Bobby Schindler, brother of the late Terri Schiavo who was starved to death by a hospital under court order in 2005, says there is a legal reality that should send shivers down all our spines.

According to Schindler, “it is presently legal in every state deliberately to bring about the end of a patient’s life by denying a nonterminal person food and water.” This is based on a precedent set by the Supreme Court in a 1986 case, where they declared that giving food and water to a patient is classified as “medical treatment” — not the most basic of necessities.

Earlier this year, state legislators in Oregon (which currently allows assisted suicide) passed a bill classifying hand-feeding of a patient who is unable to feed himself as “medical care” rather than the “basic and ordinary” care mandated by all medical ethical standards ever. The bill passed the state Senate 17-13 but was tabled in a House committee, so it’s dead — for now.

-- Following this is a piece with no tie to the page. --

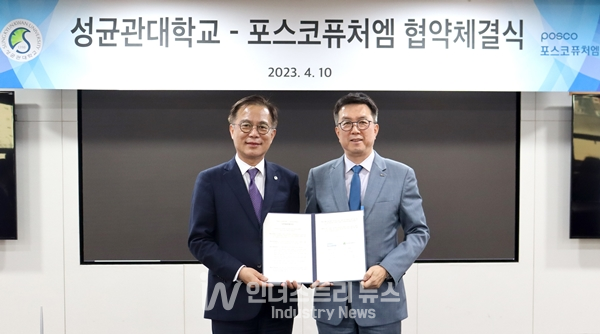 포스코퓨처엠은 지난 10일 성균관대와 맞춤형 학위 과정 ‘e-Battery Track’ 협약을 체결했다고 밝혔다. 서울 종로구 성균관대 600주년 기념관에서 열린 협약식에는 포스코퓨처엠 김준형 사장과 성균관대 유지범 총장 등이 참석했다. 지난달 연세대와의 MOU 이후 2주 만의 인재육성 협약이다.

Schindler challenges the concept of the term “persistent vegetative state” — the diagnosis given to his sister Terri — as arbitrary and subjective and thus very troublesome. People in a “vegetative” state have brain function, are anesthetized because they can probably feel pain, respond to stimuli, breathe on their own, and often have normal lifespans. And recent medical research and developments have revealed that “the brain has some capability to ‘rewire’ itself after experiencing catastrophic injury.”

Schindler suggests a better term would be “unresponsive wakefulness,” which describes the condition more accurately.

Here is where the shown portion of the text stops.